その顔はなんだかどこか、三雲鞠の三久を見る顔にちょっとだけ似ていた。どうやら私は、いつの間にかすごくいろんな人に心配をかけていたみたいだ、と並木先生の顔を見て、(それから両親の顔を思い出して)三久は思い、すごく反省した。
「ありがとうございました」
三久はそう言って、並木先生の前をあとにした。
私は東京に行く。そして音楽の道に進むんだ。……と、そうすると決めた以上、自分を応援してくれる(先生だけではなくて)いろんな人たちの期待に必ず答えなければならないと三久はこのとき、心に決めた。

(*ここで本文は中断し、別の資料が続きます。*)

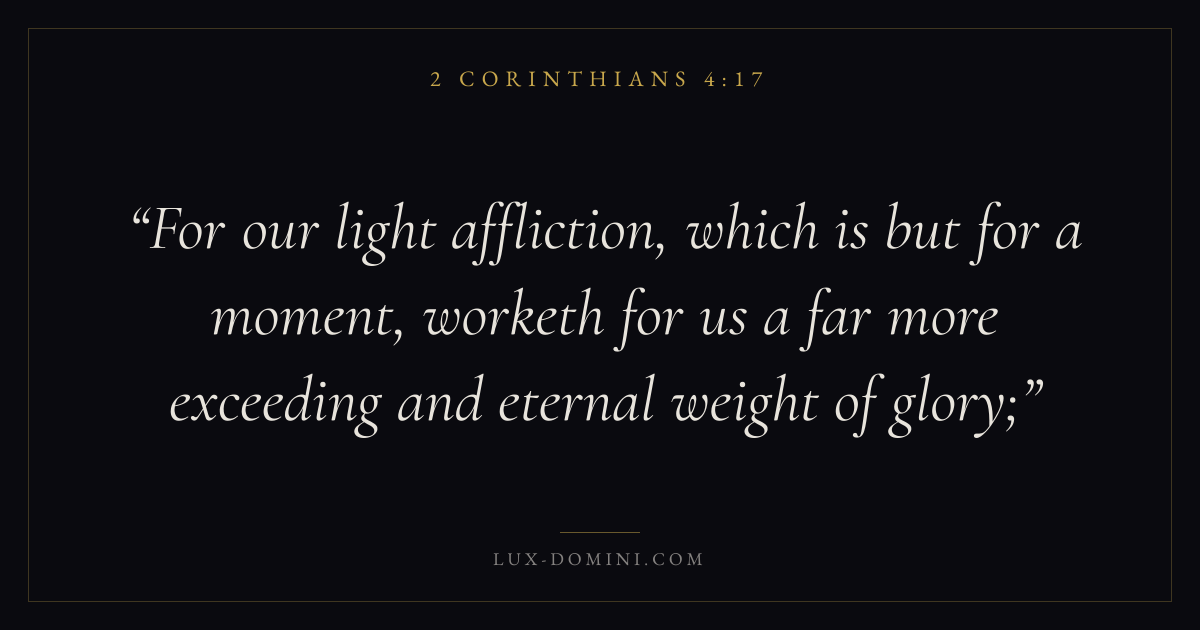 For our light affliction, which is but for a moment, worketh for us a far more exceeding and eternal weight of glory;
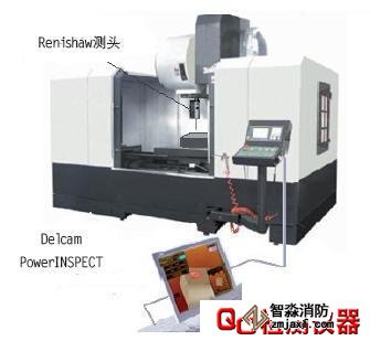 傳統的零件測量方法常常采用離線測量。需把被測零件從加工設備轉移到測量設備上,有時在一個加工過程中甚至需要幾個來回,使檢測工件的費用,超過了工件的加工費用。因此通過使用在線測量來代替離線測量,使得在線檢測的效率和精確度得到保證的條件下,使質量檢測過程更靠近加工過程,從而保證了工件從加工設備上卸下的時候就是合格品。本文介紹的基于Renishaw和Delcam的加工中心在線檢測是通過為加工中心配備一個Renishaw測頭以及PowerINSPECT在線檢測軟件,構成加工中心在線檢測系統,如圖1所示。

(随分と悩んで、進路のことで両親や先生たちに迷惑をかけてしまったこともあるし、……)
「よし!」
鞠は気合を入れて、誰もいない学校の廊下のところでそう言った。
夏の終わりごろ。
森家で一匹の子猫を飼うことになった。(親戚の家で猫が生まれたという話だった)
とても可愛らしい黒猫の子猫だった。
その子猫は、どことなく鞠に似ているように見えた。
三久はその黒猫の子猫に『手毬』と言う名前をつけた。(鞠にはないしょで。こっそりと)
「よろしくね、手毬」
三久がそう言うと、手毬は「にゃー」と嬉しそうな声で三久に返事を返した。
「お前は可愛いね」と三久は言った。
三久は手毬のことをきっと神様がおくってくれた、自分と鞠の二人の縁結びの猫だと思った。
秋の深まったころに、西中学校から少し歩いたところに、西中学校の生徒たちがよく立ち寄る古い駄菓子屋さんがあったので、そこに二人で寄ることにした。
駄菓子屋さんに着くと、そこに西中学校の生徒は、誰もいなかった。(それはすごく珍しいことだった)
そんな駄菓子屋さんの店内を見て、「貸切ですね」と嬉しそうな声で鞠が言った。
三久は駄菓子屋さんの中で、二人でソーダを飲みながら、(先輩だから奢ってあげた)鞠と一緒に、……、いろんな、いろんなお話をした。
鞠はいつも、三久の隣で明るい顔で、笑ってくれた。